**YOUR ASSIGNMENT**: Reproduce word for word the lines between the one containing "1月11日,中国共产党云南师" and the end of the entries below, both inclusive; leave out pictures.
++++ RECORDS PROVIDED
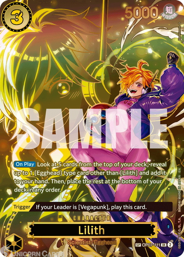 - Effect: [On Play] Look at 5 cards from the top of your deck; reveal up to 1 {Egghead} type card other than [Lilith] and add it to your hand. Then, place the rest at the bottom of your deck in any order. [Trigger] If your Leader is [Vegapunk], play this card.
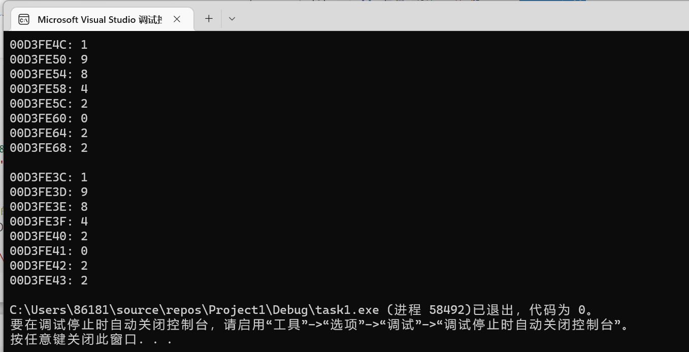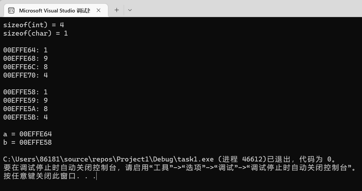 #include <stdio.h> #define N 4 int main() { int a[N] = { 1, 9, 8, 4 }; char b[N] = { '1', '9', '8', '4' }; int i; printf("sizeof(int) = %d\n", sizeof(int)); printf("sizeof(char) = %d\n", sizeof(char)); printf("\n"); for (i = 0; i < N; ++i) printf("%p: %d\n", &a[i], a[i]); printf("\n"); for (i = 0; i < N; ++i) printf("%p: %c\n", &b[i], b[i]); printf("\n"); printf("a = %p\n", a); printf("b = %p\n", b); return 0; }
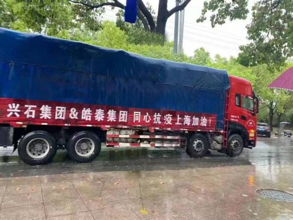 ?響應(yīng)縣委、政府號召,勇?lián)鐣?zé)任,興石集團(tuán)共同皓泰集團(tuán)組織籌集了約50萬元生活物資。4月13日上午,興石集團(tuán)黨支部書記董事長汪錫東攜公司全體黨員和部分職工,一大早冒著綿綿的細(xì)雨在公司門口小廣場隆重集會,熱烈歡送滿載著富硒米、食用油、飲用水等支援上海抗疫物資的三輛大卡車師傅和護(hù)送人員。黨支部書記董事長汪錫東發(fā)表了熱情洋溢的講話:滬皖一家親,守望相助,我們衷心祝愿上海早日打贏這場抗疫攻堅(jiān)戰(zhàn),上海加油!上海必勝!
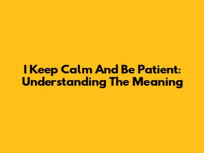 I Keep Calm And Be Patient: Understanding The Meaning
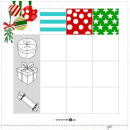 Materiał zawiera 7 kart. Na pierwszej znajduje się plansza do zabawy, na kolejnych czterech zabawki do wycięcia, na ostatnich dwóch listy zawierające liczbę i rodzaj zabawek. Dziecko ma za zadanie umieścić wycięte zabawki na ilustracji worka Mikołaja zgodnie z wybraną listą.
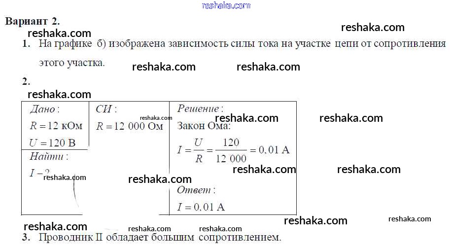 Решака - онлайн ответы Физика Марон за 8 класс Самостоятельные и контрольные работы ФГОС 2017 - Вариант-2
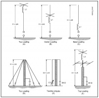 Gambar diatas memperlihatkan beberapa kemungkinan praktikal untuk membangun sebuah antena vertikal pendek, kita akan membahas tipe A, B dan C saja, tipe selebihnya diserahkan kepada anda untuk mengeksplore sendiri.
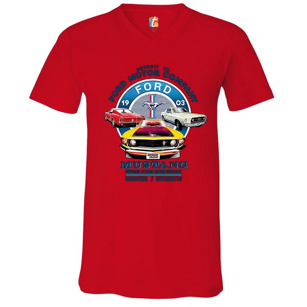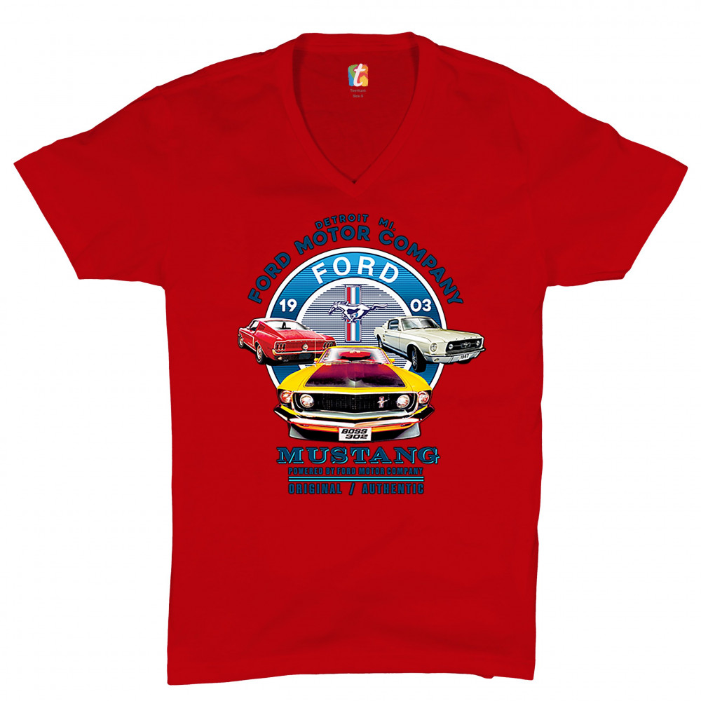 A print featuring three classic Ford Mustangs and their logo in the center. The print says: "Detroit Mi. Ford Motor Company, 1903 Ford Mustang, Powered by Ford Motor Company, Original/Authentic". A great choice for anyone who is a fan of old school Ford M
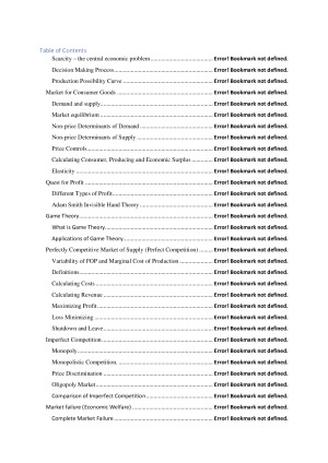 These notes were produced after having microeconomics in years 11 and 12, as well as in uni. They cover the relevant concepts in depth, allowing for easy application to this course assignment. These notes cover; 1. Scarcity and Opportunity Cost 2. Demand and Supply 3. Elasticity 4. Quest for Profit 5. Game Theory 6. Perfectly Competitive Market of Supply 7. Imperfect Competition 8. Market Failure - Externalities and Property Rights 9. Market Failure - Public Goods 10. Market Failure - Economics of Information
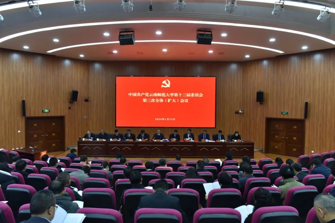 1月11日,中国共产党云南师范大学第十三届委员会第三次全体(扩大)会议在呈贡校区召开。校党委委员出席会议,非党委委员的校领导,校纪委委员,非党委委员的各职能部门主要负责人,非党委委员的各学院(学部)、附属中小学党政主要负责人,学校第十三次党员代表大会部分代表列席会议。
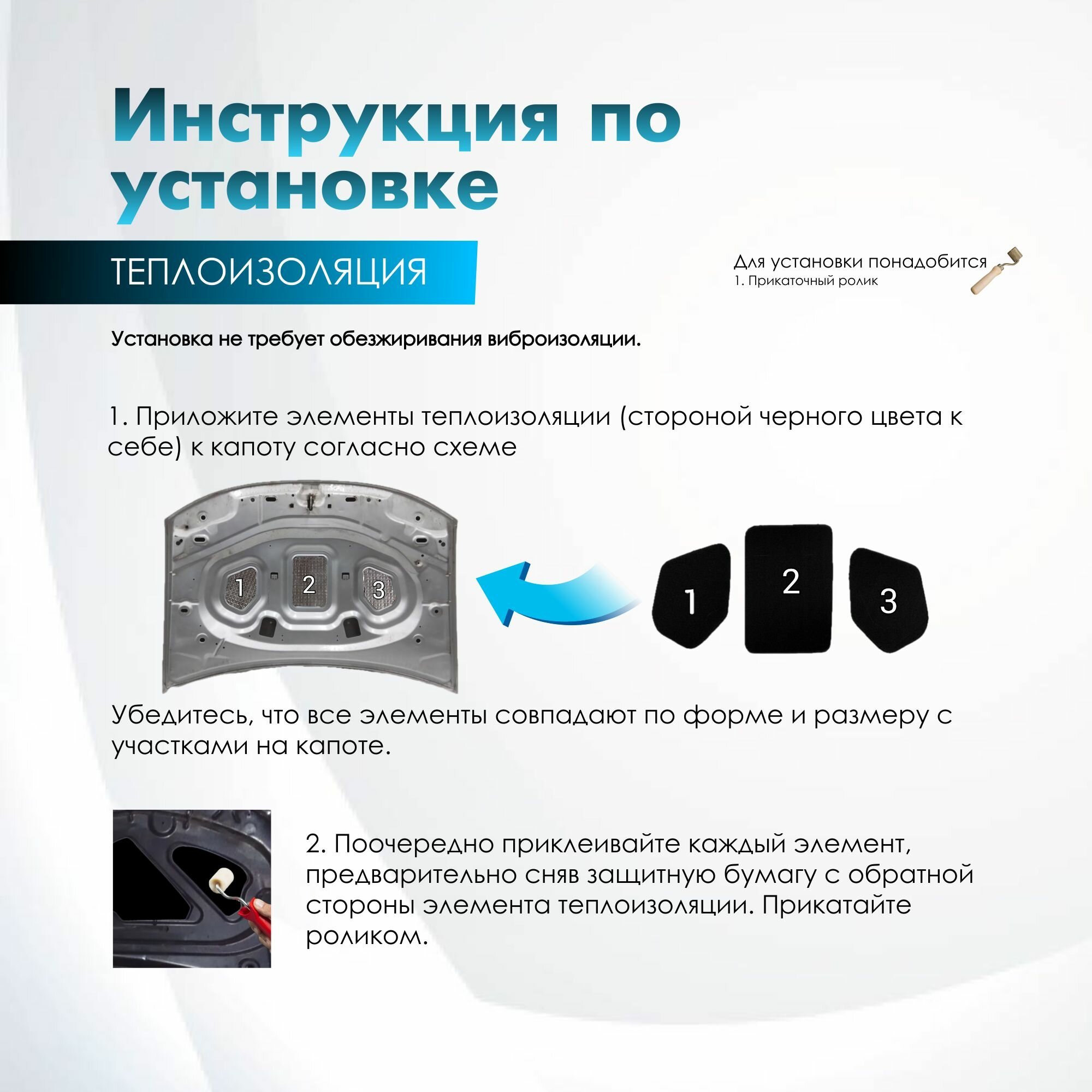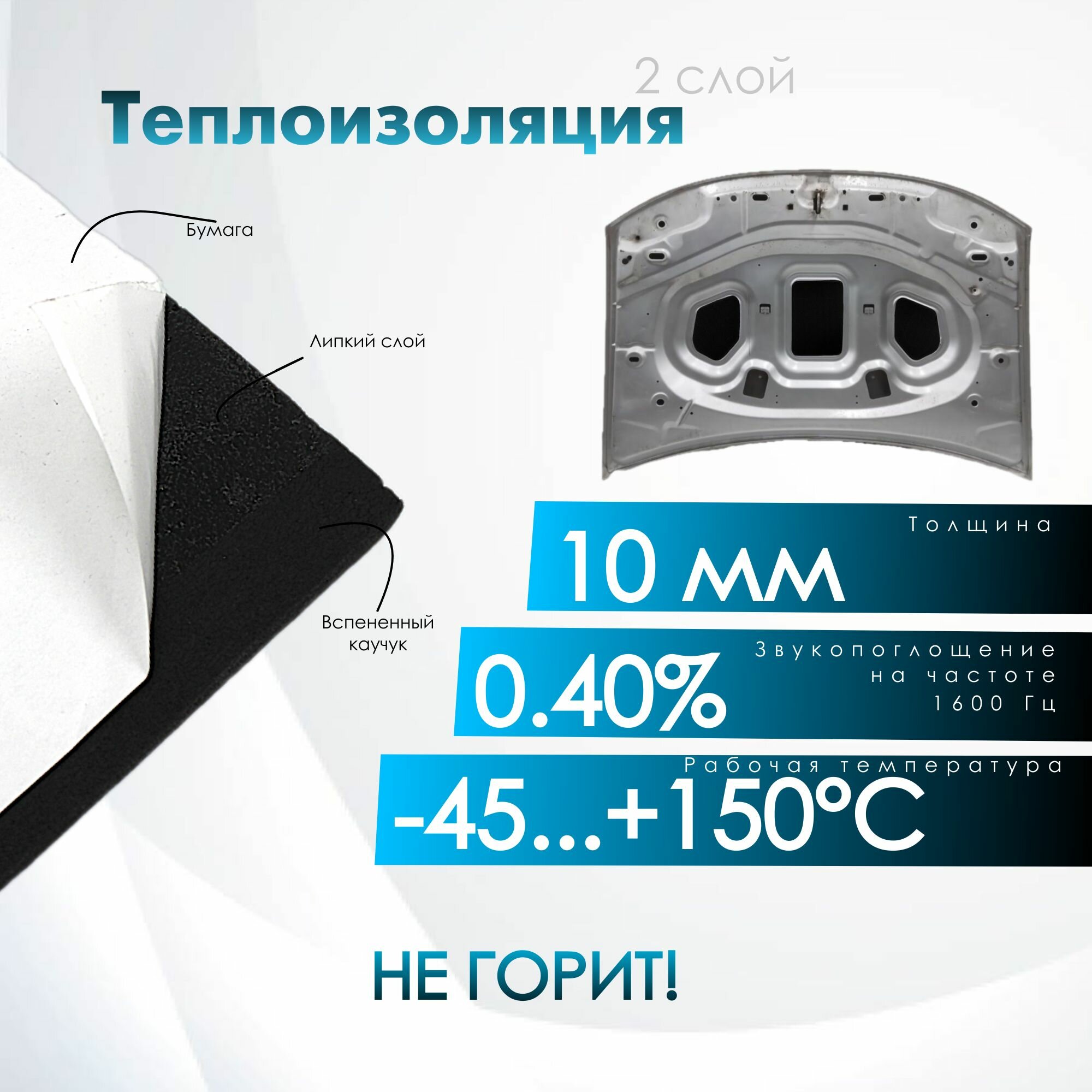 Комплект шумо и теплоизоляции капота Chery Tiggo 7 Pro Max T1E Лада X-cross 5 бутилкаучуковая основа с фольгой 2 мм вспененный каучук 10 мм
++++++++
**SOLUTION FOR THIS PROBLEM**:
 1月11日,中国共产党云南师范大学第十三届委员会第三次全体(扩大)会议在呈贡校区召开。校党委委员出席会议,非党委委员的校领导,校纪委委员,非党委委员的各职能部门主要负责人,非党委委员的各学院(学部)、附属中小学党政主要负责人,学校第十三次党员代表大会部分代表列席会议。
 Комплект шумо и теплоизоляции капота Chery Tiggo 7 Pro Max T1E Лада X-cross 5 бутилкаучуковая основа с фольгой 2 мм вспененный каучук 10 мм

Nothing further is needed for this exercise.